- Opening Delimiter -

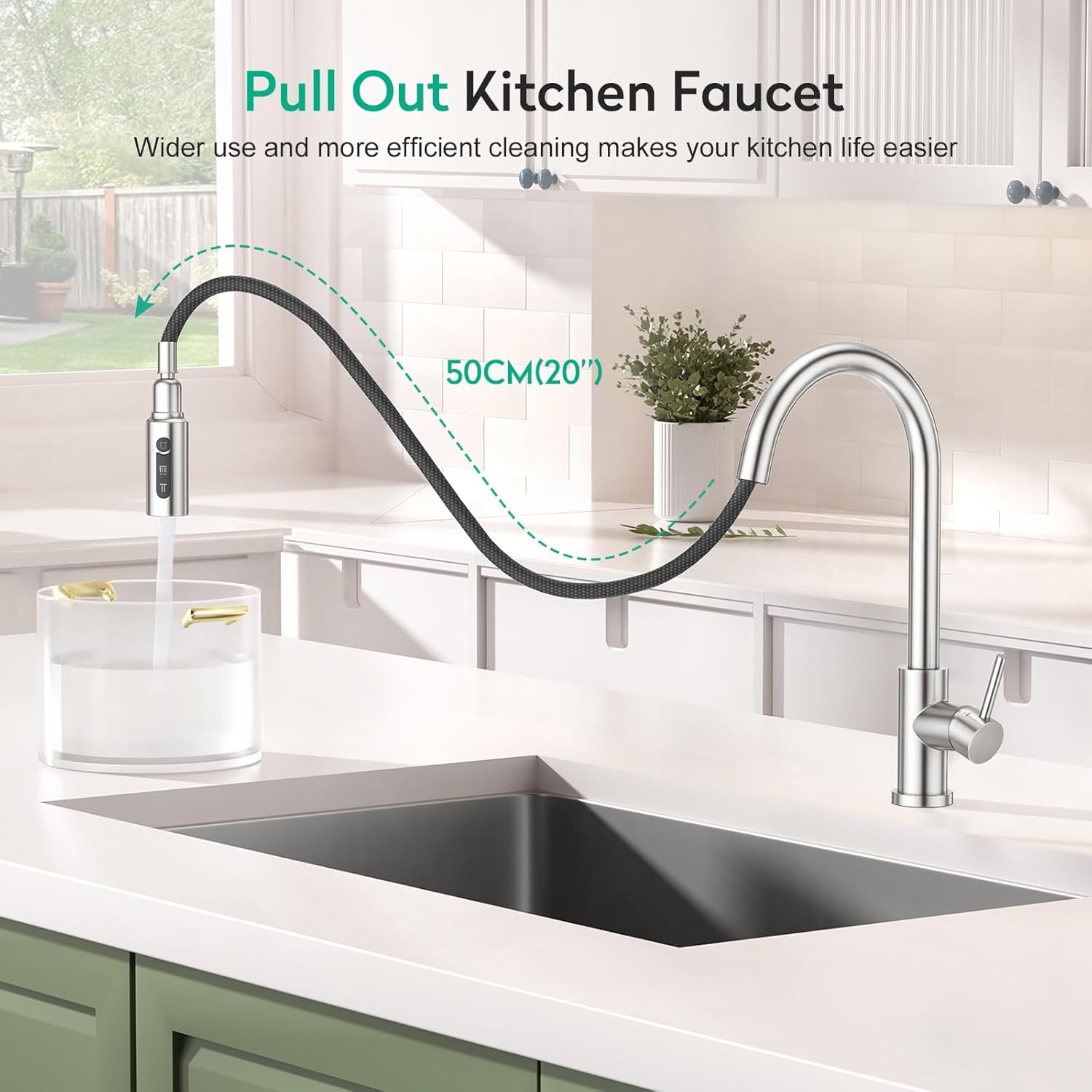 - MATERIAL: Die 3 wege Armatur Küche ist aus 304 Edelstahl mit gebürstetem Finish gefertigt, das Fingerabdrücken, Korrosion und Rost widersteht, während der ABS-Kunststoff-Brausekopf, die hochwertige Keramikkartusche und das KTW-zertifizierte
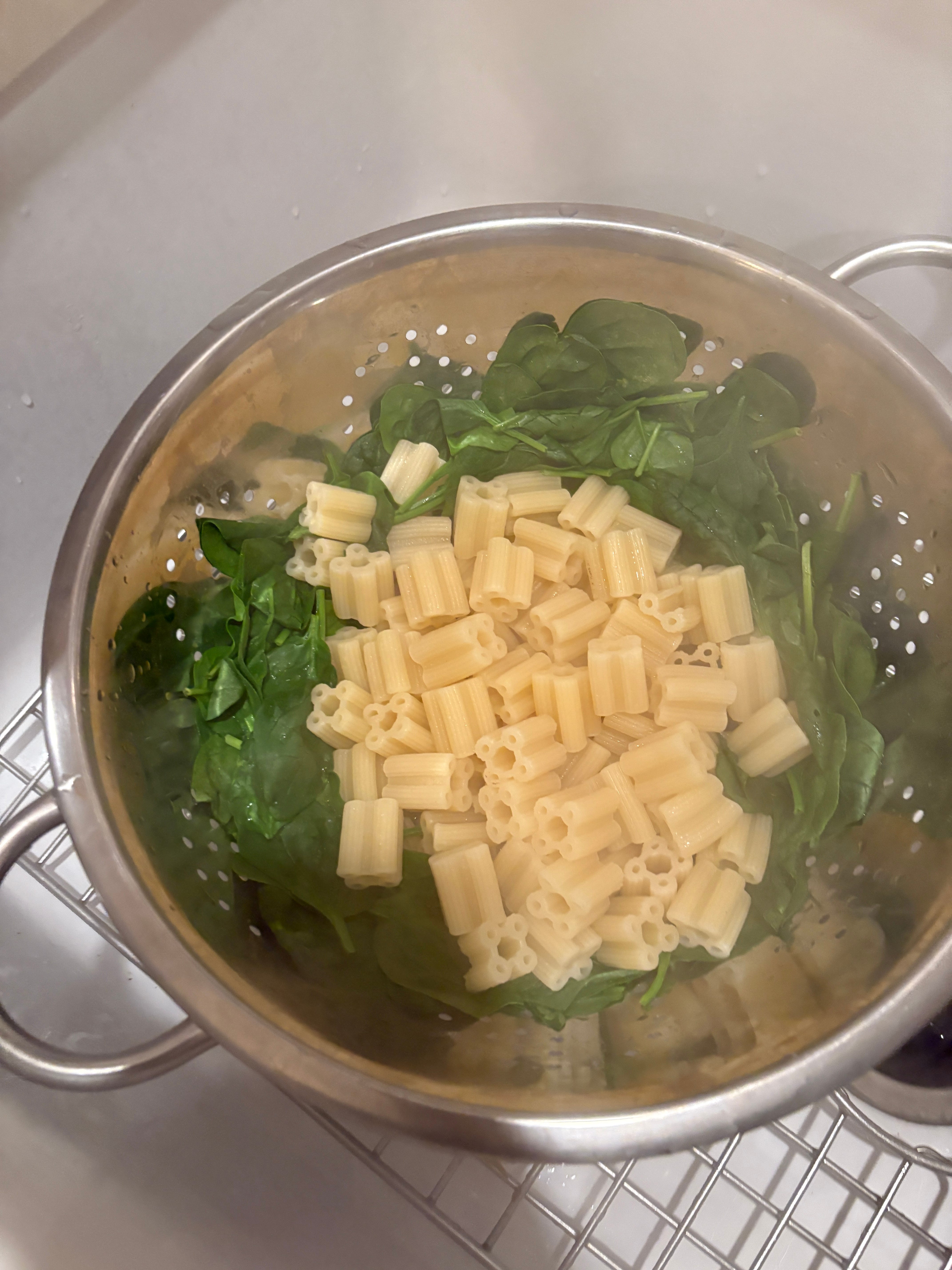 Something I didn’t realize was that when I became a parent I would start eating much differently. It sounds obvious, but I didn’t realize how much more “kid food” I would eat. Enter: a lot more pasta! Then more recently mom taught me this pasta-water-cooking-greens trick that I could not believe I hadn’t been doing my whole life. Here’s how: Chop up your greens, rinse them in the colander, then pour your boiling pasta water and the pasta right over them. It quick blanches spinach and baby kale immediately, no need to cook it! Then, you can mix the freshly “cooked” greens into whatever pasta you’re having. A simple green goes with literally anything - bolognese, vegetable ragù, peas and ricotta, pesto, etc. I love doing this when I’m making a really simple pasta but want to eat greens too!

- Closing Delimiter -
- Opening Delimiter -

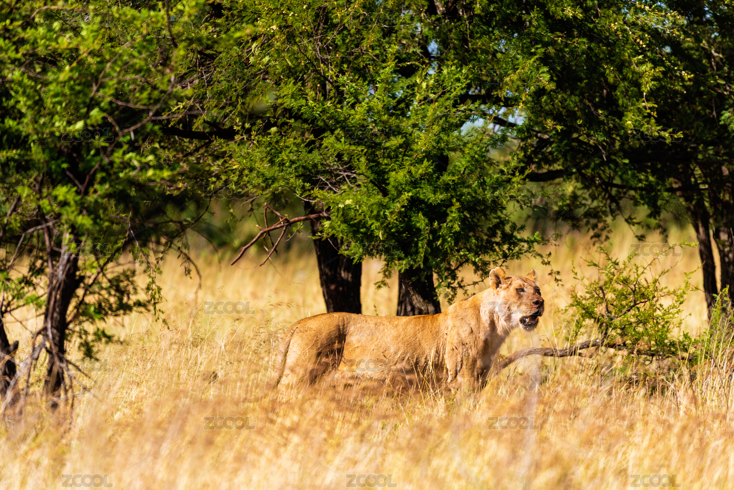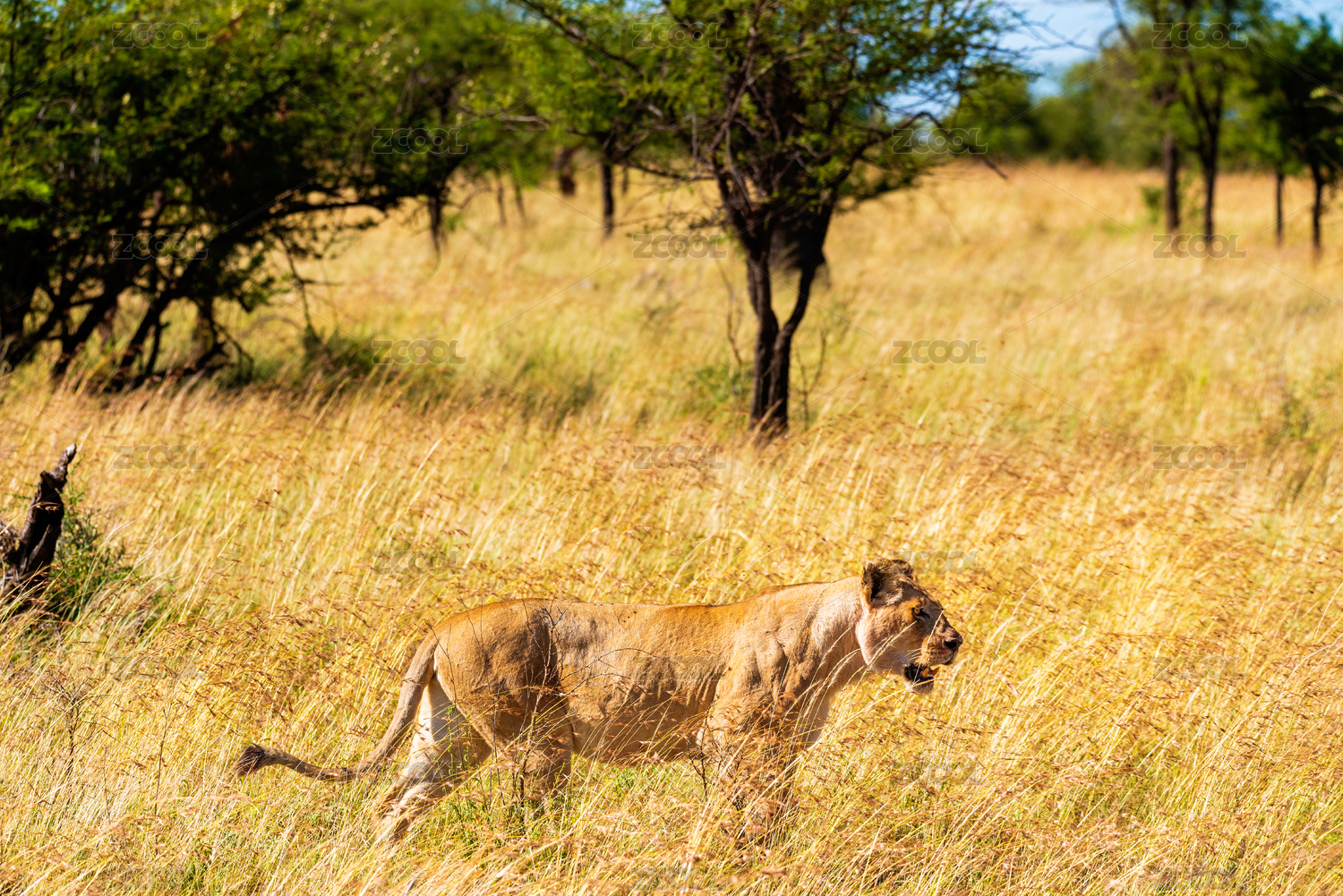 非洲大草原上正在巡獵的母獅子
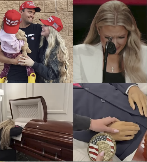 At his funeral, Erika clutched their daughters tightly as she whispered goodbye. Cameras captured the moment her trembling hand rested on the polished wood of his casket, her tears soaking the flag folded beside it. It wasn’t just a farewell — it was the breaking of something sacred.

- Closing Delimiter -
- Opening Delimiter -

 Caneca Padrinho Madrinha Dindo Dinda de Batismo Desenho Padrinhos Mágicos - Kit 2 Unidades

- Closing Delimiter -

## Task
Please repeat, exactly as written, the lines in the records above, starting with the one that has "非洲大草原上正在巡獵的母獅子" and going on through the one that has "At his funeral, Erika". Pictures are to be left out.

## Response to the exercise
 非洲大草原上正在巡獵的母獅子
 At his funeral, Erika clutched their daughters tightly as she whispered goodbye. Cameras captured the moment her trembling hand rested on the polished wood of his casket, her tears soaking the flag folded beside it. It wasn’t just a farewell — it was the breaking of something sacred.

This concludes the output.